WHAT TO DO: From the first line of the data down to the line bearing "カセットボンベが燃料のガス式", output every line exactly and include no pictures.

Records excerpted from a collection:
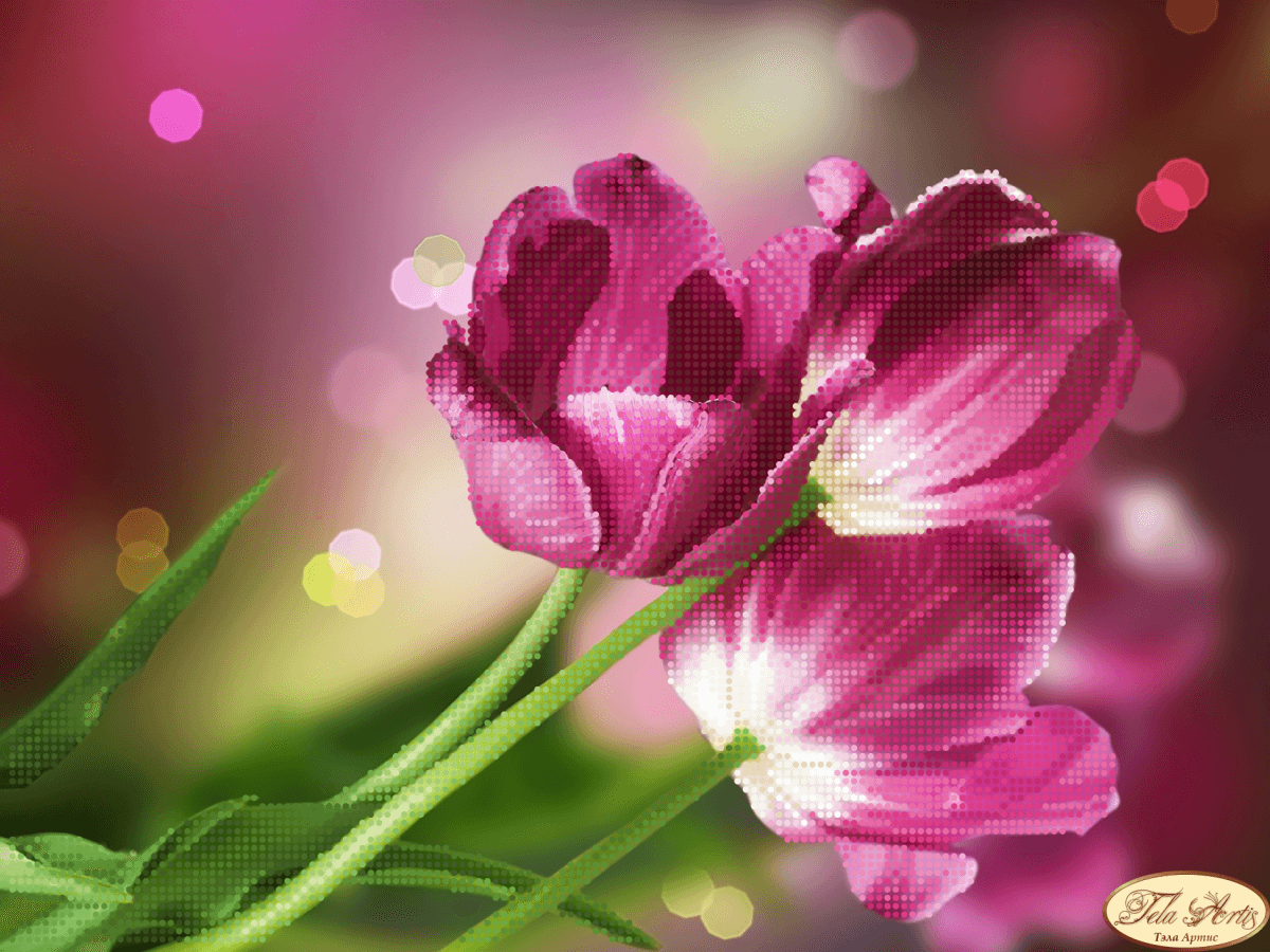 Схема для вышивания бисером Тюльпаны Каравелла выполнена на плотном атласе, продублированном флизелином. Края всех схем Тэла Артис запаяны и не сыпятся в процессе вышивания. На схеме указаны количество и рекомендуемые цвета бисера Preciosa.
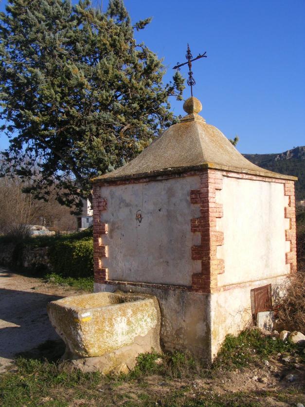 Un pozo con caseta de obra,
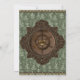 Embark on a steampunk soiree, and set the stage for an unforgettable celebration with these unique announcements, where vintage charm meets whimsical adventure. The design features a distinct Victorian steampunk look, consisting of green floral wallpaper background, a wooden ship's wheel, gold wedding rings, and rows of gold metal buttons on the top and bottom of the card adding a touch of playful whimsy and vintage flair. It also features a canvas of vintage brown paper parchment beneath the personalised text for a truly antique, historical vibe.
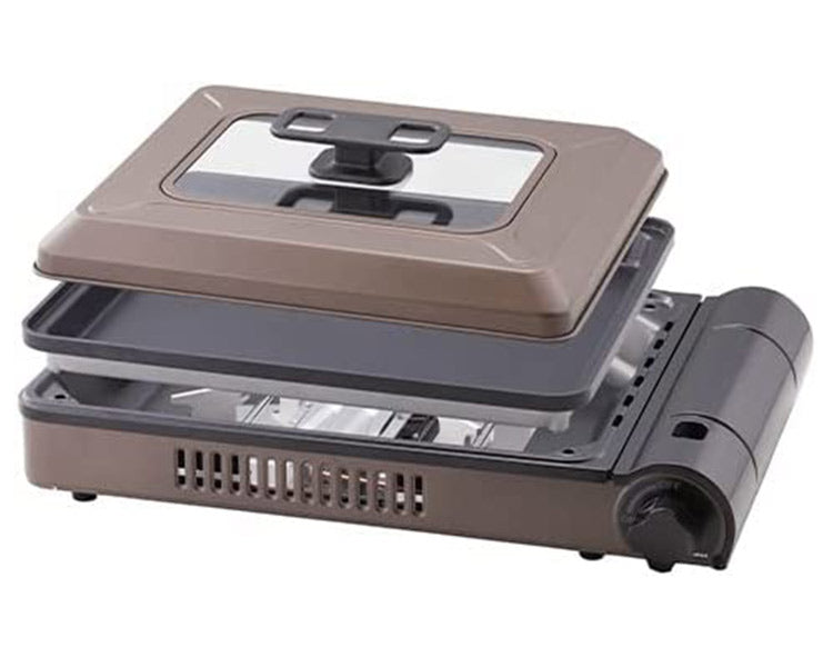 カセットボンベが燃料のガス式ホットプレート。電気を使わないコードレスだから使う場所を選びません。
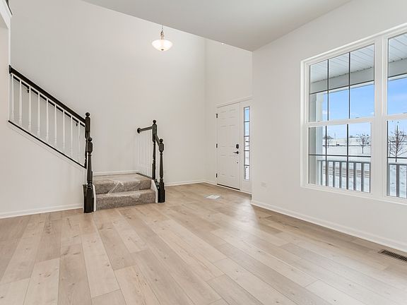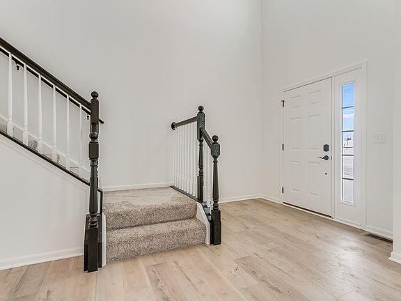 READY NOW! Lot 1.The Dunbar is a beautiful floorplan with almost 2,500 square feet, four bedrooms, two-and-a-half bathrooms, a convenient second-floor laundry room, and a three-car garage. The two-story foyer greets you upon entering the home, with the flex space to your side. You can use this flex space as a home office, kids' play room, formal dining room or whatever best fits your family's needs. As you walk through, there is a coat closet and powder room fittingly tucked away. The kitchen is spacious with abundant white colored cabinetry, quartz countertops, and a center island that overlooks the breakfast area with a breakfast bay, and family room with a fireplace. The kitchen also features a walk-in pantry and is conveniently located next to a separated mud room, which serves as the owner's entry from the garage. Walk up the stairs and you'll notice the hall bath with dual sink vanity is centrally located between the bedrooms, each with ample closet space. The laundry room is also adjacent to the bedrooms, which makes putting away clothes that much easier. The owner's suite has an angled wall entrance-perfect for a dramatic entrance to your retreat. The luxury owner's bath, is equipped with a dual sink vanity, designer tiled shower and a soaking tub to relax the days stresses away. Rounding out this home is a full basement.

EXPECTED OUTPUT:
 Схема для вышивания бисером Тюльпаны Каравелла выполнена на плотном атласе, продублированном флизелином. Края всех схем Тэла Артис запаяны и не сыпятся в процессе вышивания. На схеме указаны количество и рекомендуемые цвета бисера Preciosa.
 Un pozo con caseta de obra,
 Embark on a steampunk soiree, and set the stage for an unforgettable celebration with these unique announcements, where vintage charm meets whimsical adventure. The design features a distinct Victorian steampunk look, consisting of green floral wallpaper background, a wooden ship's wheel, gold wedding rings, and rows of gold metal buttons on the top and bottom of the card adding a touch of playful whimsy and vintage flair. It also features a canvas of vintage brown paper parchment beneath the personalised text for a truly antique, historical vibe.
 カセットボンベが燃料のガス式ホットプレート。電気を使わないコードレスだから使う場所を選びません。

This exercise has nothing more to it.